**Supplied material**.

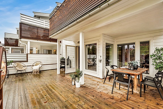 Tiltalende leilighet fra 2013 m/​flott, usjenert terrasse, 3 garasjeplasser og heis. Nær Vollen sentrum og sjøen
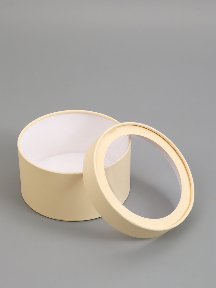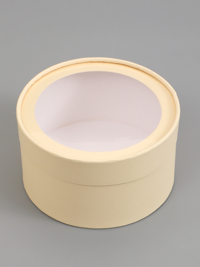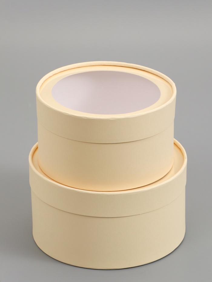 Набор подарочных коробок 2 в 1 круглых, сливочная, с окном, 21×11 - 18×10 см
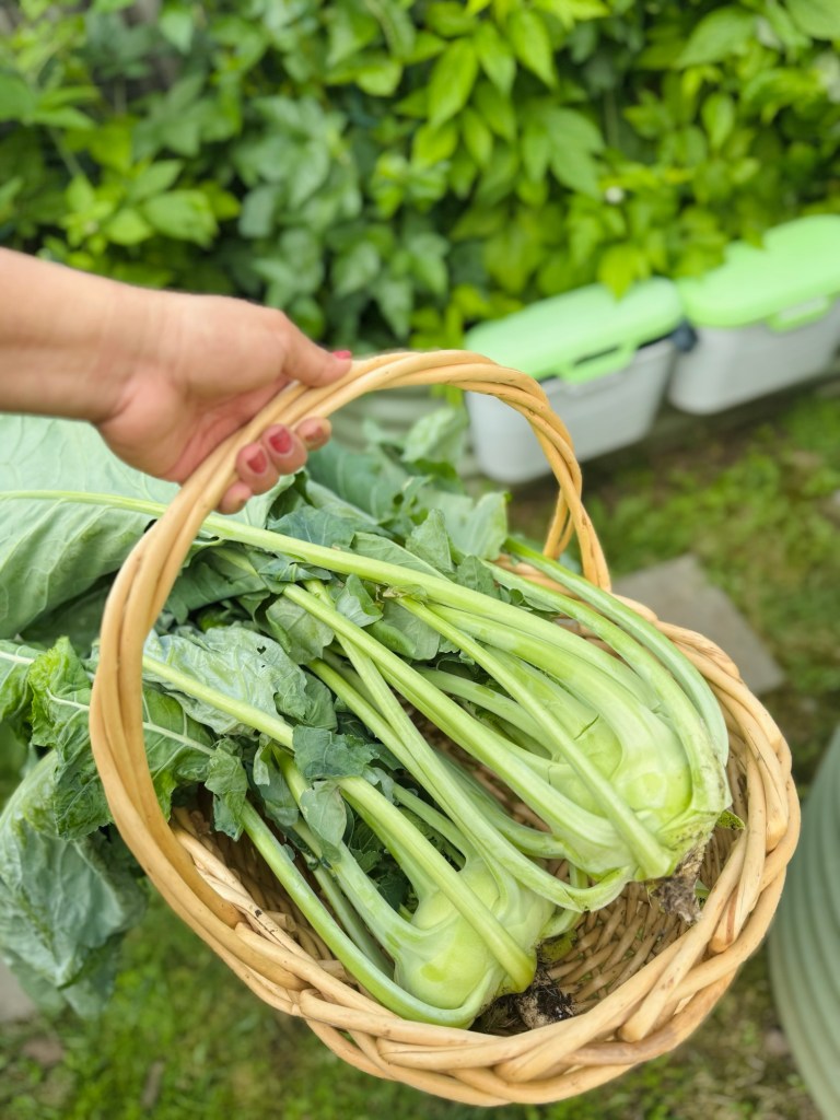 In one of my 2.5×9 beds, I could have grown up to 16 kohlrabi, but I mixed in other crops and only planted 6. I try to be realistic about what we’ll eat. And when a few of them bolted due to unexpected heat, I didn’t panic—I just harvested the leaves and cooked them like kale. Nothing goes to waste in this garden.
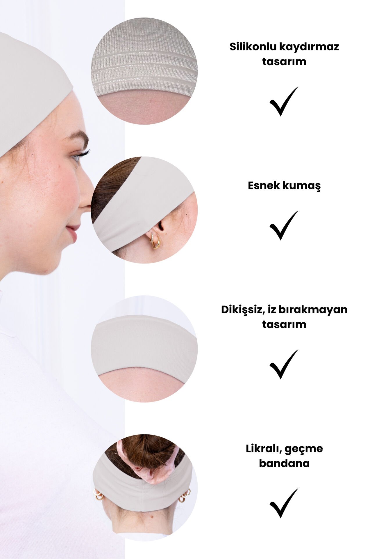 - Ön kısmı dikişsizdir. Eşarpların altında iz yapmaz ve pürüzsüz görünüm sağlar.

**Assignment**. Copy back exactly the lines above from the one containing "Набор подарочных коробок" through the one containing "In one of my", and leave every picture behind.

**Answer for this exercise**.
 Набор подарочных коробок 2 в 1 круглых, сливочная, с окном, 21×11 - 18×10 см
 In one of my 2.5×9 beds, I could have grown up to 16 kohlrabi, but I mixed in other crops and only planted 6. I try to be realistic about what we’ll eat. And when a few of them bolted due to unexpected heat, I didn’t panic—I just harvested the leaves and cooked them like kale. Nothing goes to waste in this garden.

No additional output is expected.